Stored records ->
- - -

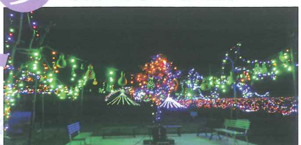
圧巻のイルミネーション。6万球の輝き
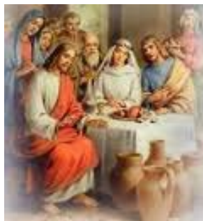
Il segno alle nozze di Cana e la richiesta di Maria.

Nm 20,2.6-13; Sal 94: "Noi crediamo, Signore, alla tua parola". Rm 8,22-27; Gv 2,1-11
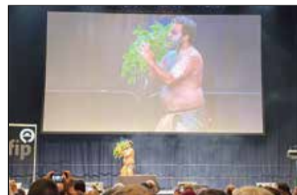
↑Moreton Island 原住民族演出。
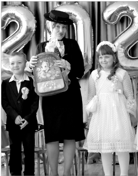
Шапокляк в гостях у дошколят
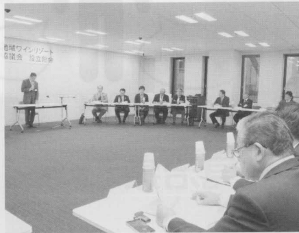
同推進協議会の会長として議事を進行する田辺市長。

2019年度までにワイン関連のイベント企画や施設整備などを進め、今年度から5年間で、峡東地域の観光客の消費額を現状の679億円から780億円（15%増）まで増やす目標を掲げています。
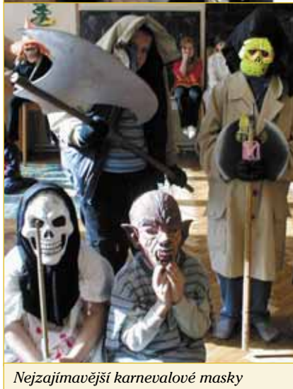
Nejzajímavější karnevalové masky
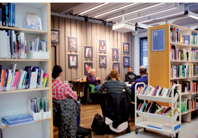
Au printemps 2019, les bibliothèques d'Helsinki ont organisé 14 cafés linguistiques hebdomadaires, auxquels des centaines d'immigrants souhaitant apprendre le finnois ont participé.
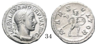
Denario 232 d.C., RIC 246

Denario con Diana. La diosa de pie mirando de frente y sujeta en la mano izquierda una lanza y en la derecha un ciervo. Aureo con Diana. La diosa lleva el arco y una flecha
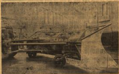
Diese beiden Schneepflüge werden bis zum Herbst angeschafft.

aufstellt und wird deren Zahl noch weiter vermehrt, sobald den Fahrgästen ein überall Geleitetes neben in den Abfall in diese Körbe zu werfen.
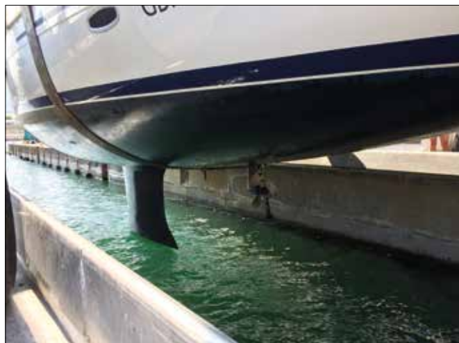
Hochseepassagen stellen zahlreiche Herausforderungen an Yacht & Crew: Außerplanmäßiger Lift auf den Azoren wegen einer Fischerleine im Propeller
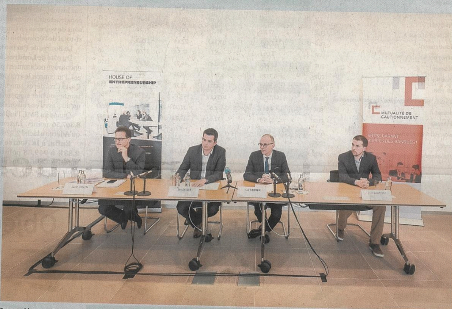
La conférence de presse s'est organisée à distance respectable et également par visioconférence

Ce nouveau service d'assistance téléphonique n'a pas pour but de répondre à des questions sanitaires, qui sont, elles, prises en charge par le ministère de la Santé. Luc Frieden a assuré que les banques «joueraient le jeu. Les entreprises sont leurs clients et elles apprécient ces garanties qui vont leur permettre d'accorder plus facilement des crédits».
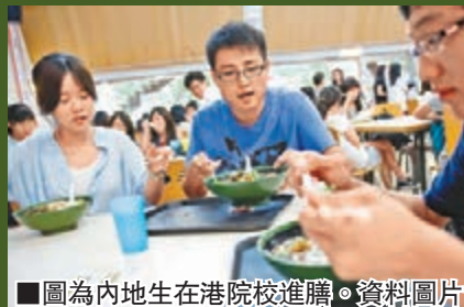
■圖為內地生在港院校進膳。資料圖片

此外，居住環境惡劣亦是「港漂」難以克服的一環。誠然，有能力赴港升學的內地生大多出身自中產、甚至富裕家庭，他們的生活條件本已不俗，惟赴港則需「蝸居」，令他們難以適應。他們本身的條件佳，累積幾年工作經驗後，或會離港尋求更理想發展機會。
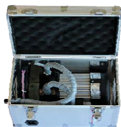
Рисунок 4 – Общий вид насоса
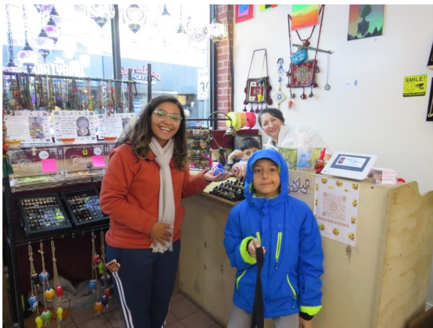
Loja artesanal turca no Kensington Market

- - -

From the data above, retype only the lines starting with the line with "2019年度までにワイン関連" and going on through the line with "Diese beiden Schneepflüge", exactly, leaving out the pictures.

2019年度までにワイン関連のイベント企画や施設整備などを進め、今年度から5年間で、峡東地域の観光客の消費額を現状の679億円から780億円（15%増）まで増やす目標を掲げています。
Nejzajímavější karnevalové masky
Au printemps 2019, les bibliothèques d'Helsinki ont organisé 14 cafés linguistiques hebdomadaires, auxquels des centaines d'immigrants souhaitant apprendre le finnois ont participé.
Denario 232 d.C., RIC 246

Denario con Diana. La diosa de pie mirando de frente y sujeta en la mano izquierda una lanza y en la derecha un ciervo. Aureo con Diana. La diosa lleva el arco y una flecha
Diese beiden Schneepflüge werden bis zum Herbst angeschafft.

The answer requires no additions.